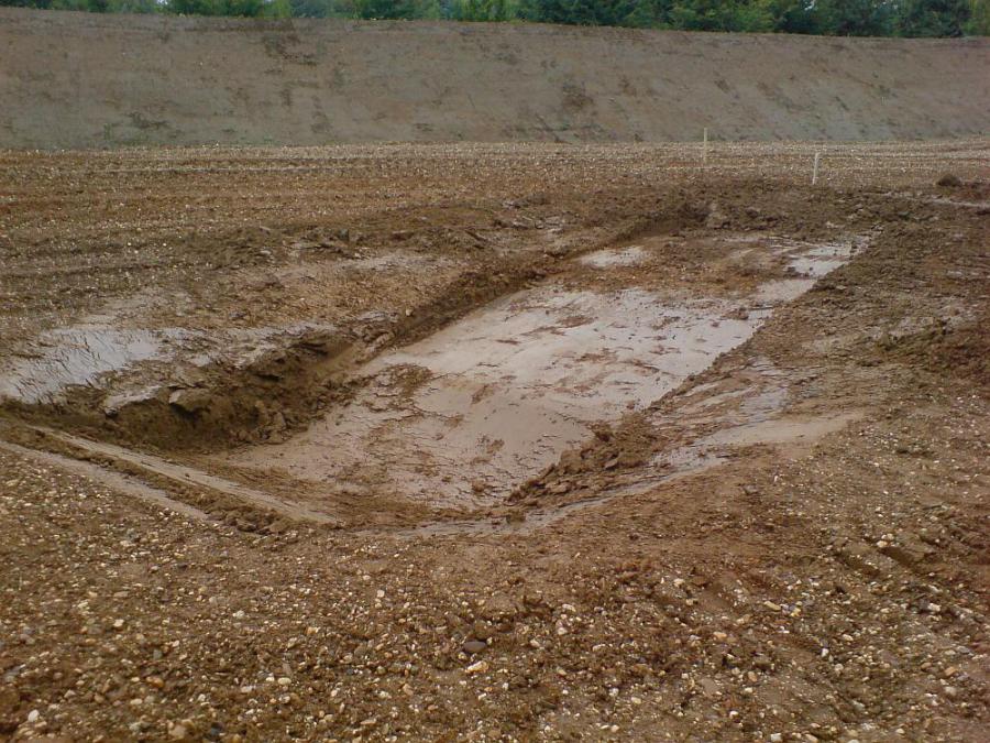 Die Anlage von Kreuzkrötengewässern ist meist mit wenig Aufwand verbunden. Innerhalb kürzester Zeit ist mit einem üblichen Bagger in einer dichtenden oder wasserführendenden Schicht eine geeignete Grube ausgehoben.
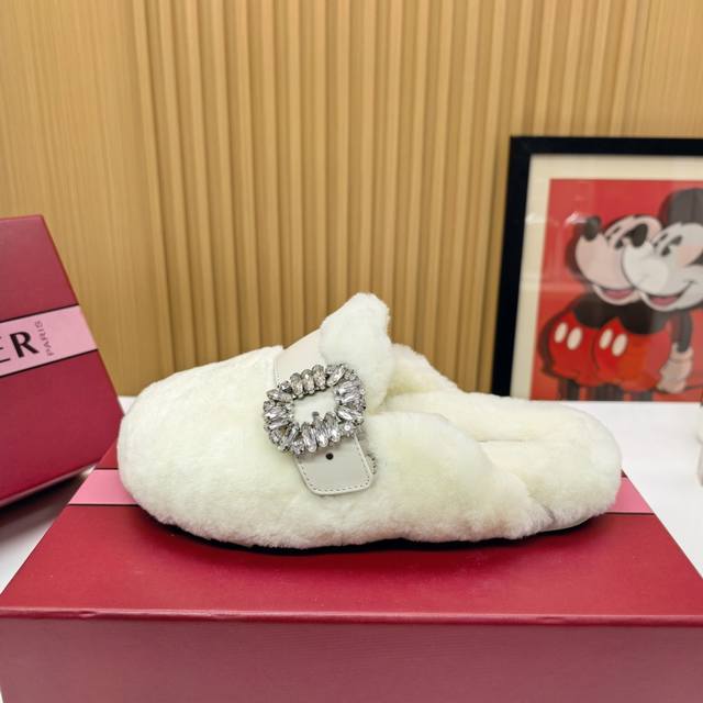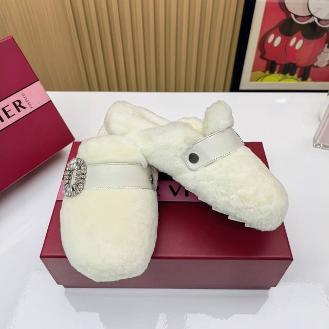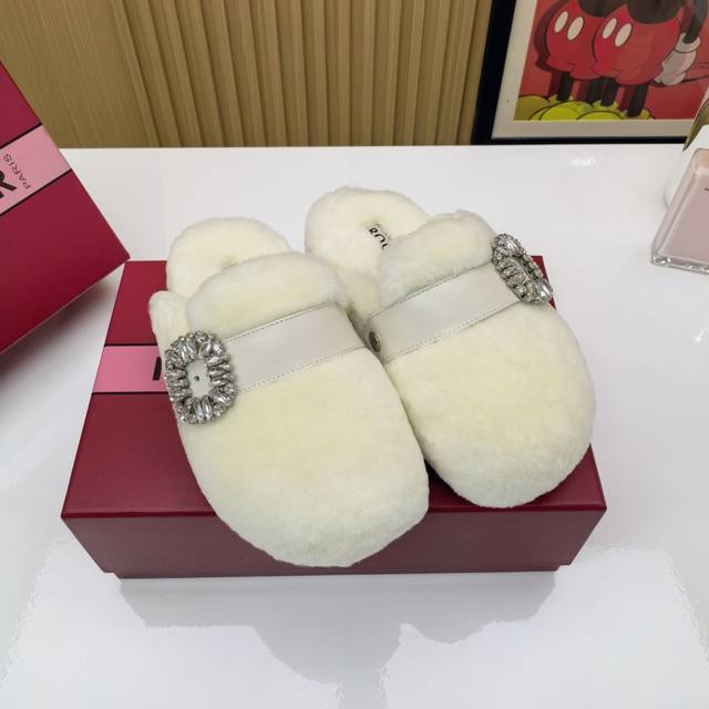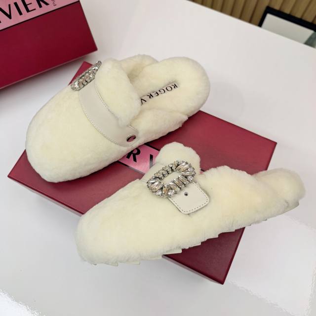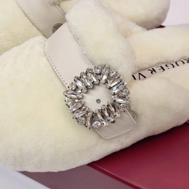 Rv经典钻扣博肯拖 羊毛界的颜值天花板! Roger Vivier设计师款拖鞋把高级感踩在脚下 这双澳洲美利奴羊毛+极简几何设计拖鞋 直接把慵懒舒适变成了 艺术行为 ! 精选澳洲A级羊毛绒 透气恒温 光脚穿像被小羊亲亲 设计师款立体剪裁 隐藏式防滑鞋底 慵懒和安全感我全都要 窝沙发喝咖啡时它温柔包裹双脚 朋友来访时它不经意透露你的好品味 “羊毛的自然褶皱都是设计的一部分 连光脚时的慵懒感都被计算得恰到好处” 鞋面:澳洲美利奴羊毛 钻扣:捷克K9钻 大底:原版橡胶大底 码数:35-40 40不退不换
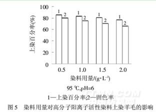 由图5可以看出,上染百分率和固色率随着染液用量的增加而降低,原因是高分子阳离子活性染料分子质量大,难以全部扩散进入纤维内部,高分子链仅很少一部分进入纤维内部,阻碍了染料的进一步扩散.染料用量增大,必然导致羊毛表面的高分子链增加,导致染液中没有上染的高分子链难以进入纤维内部,只能以缠绕的方式与已经上染的分子链胶着在一起,造成上染百分率和染色牢度的降低.染料用量选择1.0g/L比较合适.
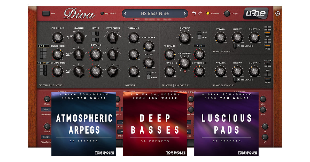 Este paquete incluye tres bancos de sonido elaborados por el renombrado diseñador de sonido Tom Wolfe: Luscious Pads, Atmospheric Arpegs y Deep Basses, cada uno con 50 presets que muestran la destreza analógica de Diva. Desde texturas suaves y cinematográficas hasta líneas de bajo audaces y arpegios dinámicos, esta colección ofrece inspiración instantánea para compositores de medios y productores electrónicos por igual.
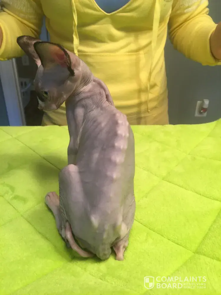 A few weeks later, I received a facebook message from another member who also had the same issue happen with her cat that she received from April. It turns out that one of her cats was my kitten's sister. She ended up ok, but the other cat that she received from them started getting the same symptoms that Mira did and the cat ended up dying the exact same way. April then saying that the cat was neglected. This is a horrible scam this breeder is running, the customer service is poor and they are stealing peoples money by refusing to honor their contracts and selling sick cats. Do not believe anything that was written in April's posts.
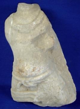 | Description / विवरण | Torso of a male figure wearing a beaded necklace and waist band, knot of which is prominent. The left part of thigh is chopped off. |
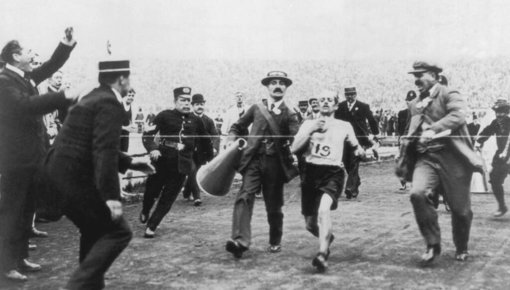 Hasta antes de 1908, la prueba del Maratón comprendía recorrer una distancia “aproximada” de 40 kilómetros, emulando así la distancia que recorrió el soldado griego Filípides en el año 490 A.C desde la ciudad helénica de Maratón hasta Atenas para comunicar la victoria sobre el ejército persa. Filípides, pocos minutos después de dar la noticia, cuenta el mito que murió por la exigencia física.
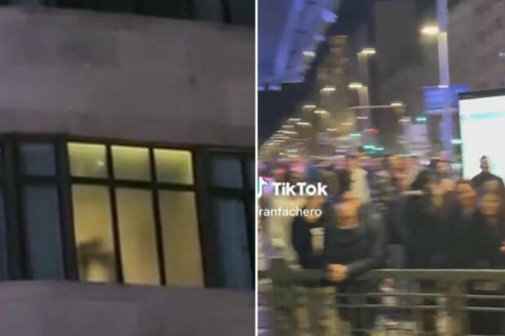 Ljudi su blokirali jednu od najpoznatijih ulica španske prestonice (Gran Via), veselo navijajući dok su senke iz hotelske sobe otkrivale šta se dešava.
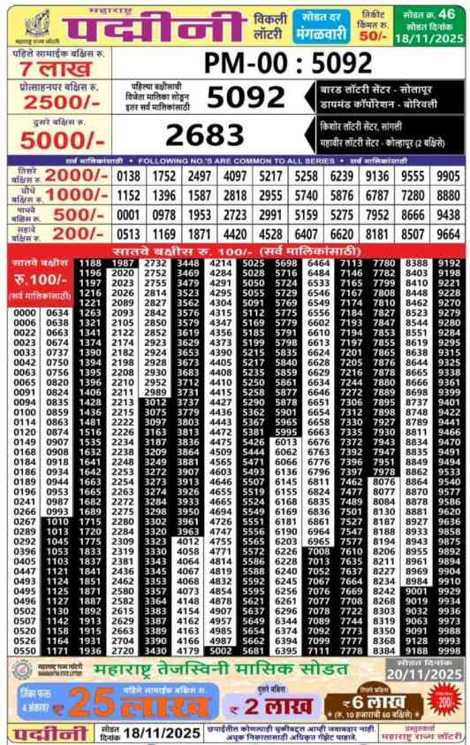 Download Maharashtra State Lottery 18.11.2025 Today 4:15pm Result from here. Maharashtra State Padmini Weekly Lottery Result Important Lottery of Maharashtra State which is legally operated by the State Government there. You are satisfied to get the Result of Maharashtra Padmini Lottery Draw at 04:15pm on this webpost Today’s lottery result of Maharashtra State Lottery 4:15pm is published here.
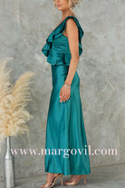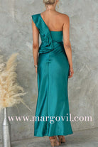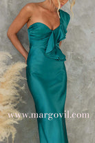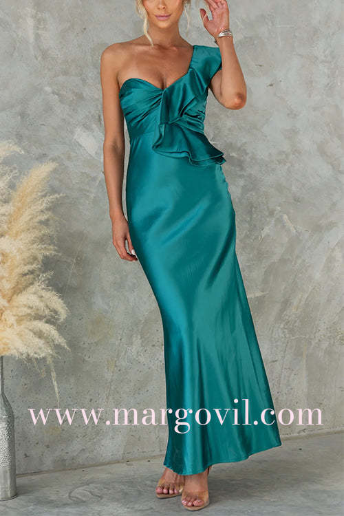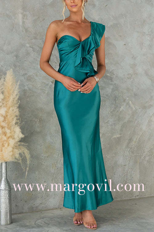 Ruffle One Shoulder Sleeveless Maxi Satin Dress
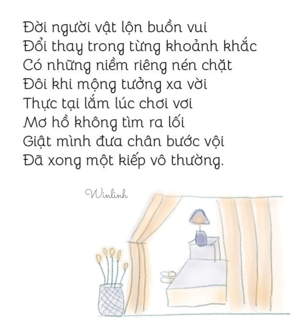 Tôi đã ấp ủ làm một trang instagram chuyên lưu tranh vẽ của mình từ lâu. Nhưng vừa xong tôi mới lập được. Lập thì dễ, nhưng tại tôi cứ băn khoăn có nên không khi tôi đã có một trang winlinh.art (giờ là winlinh.poem) chuyên đăng tranh thơ, tranh vẽ và cả các feedback liên quan các sáng tác của mình. Rồi cuối cùng tôi cũng quyết tâm phải làm một trang lưu tranh, vì cảm thấy cần cho chúng một đời sống riêng, không nương vào thơ, không chỉ là mang ý nghĩa minh họa. Vậy là trang instagram winlinh.draw ra đời. Tạm thời tôi chưa biết đặt tên gì cho nó hay hơn, nên cứ để thế đã.

= = = =

» **TASK STATEMENT**:
Pictures aside, return exactly the lines from the data above, starting at the line that has "chopped off. |" and ending at the line that has "Ruffle One Shoulder", both included.

» **SOLUTION TO THIS TASK**:
 | Description / विवरण | Torso of a male figure wearing a beaded necklace and waist band, knot of which is prominent. The left part of thigh is chopped off. |
 Hasta antes de 1908, la prueba del Maratón comprendía recorrer una distancia “aproximada” de 40 kilómetros, emulando así la distancia que recorrió el soldado griego Filípides en el año 490 A.C desde la ciudad helénica de Maratón hasta Atenas para comunicar la victoria sobre el ejército persa. Filípides, pocos minutos después de dar la noticia, cuenta el mito que murió por la exigencia física.
 Ljudi su blokirali jednu od najpoznatijih ulica španske prestonice (Gran Via), veselo navijajući dok su senke iz hotelske sobe otkrivale šta se dešava.
 Download Maharashtra State Lottery 18.11.2025 Today 4:15pm Result from here. Maharashtra State Padmini Weekly Lottery Result Important Lottery of Maharashtra State which is legally operated by the State Government there. You are satisfied to get the Result of Maharashtra Padmini Lottery Draw at 04:15pm on this webpost Today’s lottery result of Maharashtra State Lottery 4:15pm is published here.
 Ruffle One Shoulder Sleeveless Maxi Satin Dress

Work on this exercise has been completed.